When you copy the data that follows, reproduce every word exactly and leave out the images.

*Source data*

----

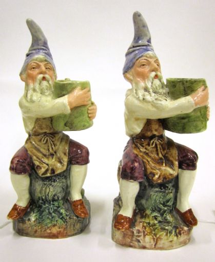 Ljusstakarna var nog kanske inte menade som julpynt men det är ju också tomtar! Med stora ölsejdlar! Kan vara tyska och är också från slutet av 1800-talet.
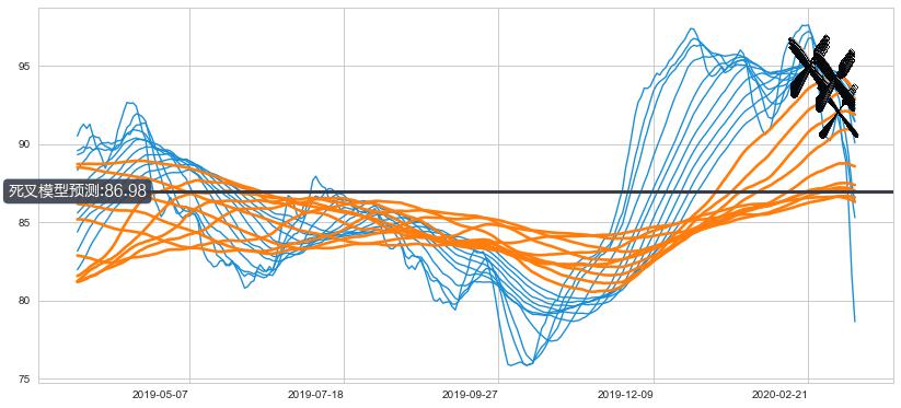 ➣ 60小时均线于(2020-02-21: 94.87)形成【死叉】基于【死叉历史模型】预测死叉后最低波谷价格: 86.57, 死叉后最低价格70.78,已经下跌超出预测最低波谷价格, 预期反弹
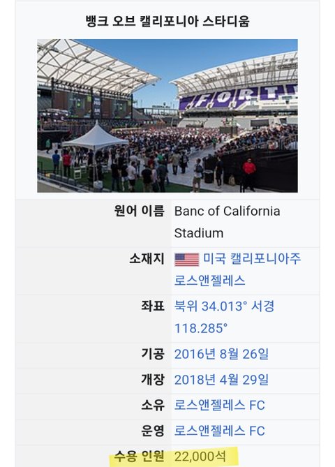 실체는 하나같이 다들 2만 2천석 아레나 규모 뱅크 오브 캘리포니아 공연장임 ㅇㅇ
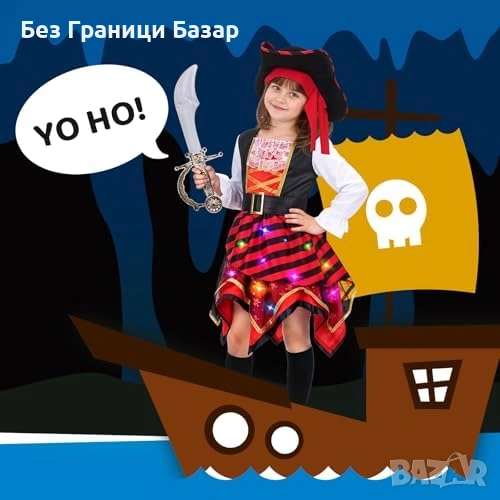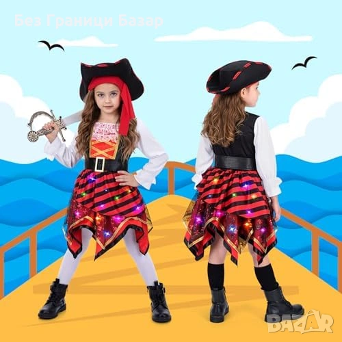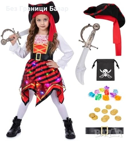 Нов Детски пиратски костюм за момиче със светеща рокля и шапка 5/6 години

----

*Response for this exercise*
 Ljusstakarna var nog kanske inte menade som julpynt men det är ju också tomtar! Med stora ölsejdlar! Kan vara tyska och är också från slutet av 1800-talet.
 ➣ 60小时均线于(2020-02-21: 94.87)形成【死叉】基于【死叉历史模型】预测死叉后最低波谷价格: 86.57, 死叉后最低价格70.78,已经下跌超出预测最低波谷价格, 预期反弹
 실체는 하나같이 다들 2만 2천석 아레나 규모 뱅크 오브 캘리포니아 공연장임 ㅇㅇ
 Нов Детски пиратски костюм за момиче със светеща рокля и шапка 5/6 години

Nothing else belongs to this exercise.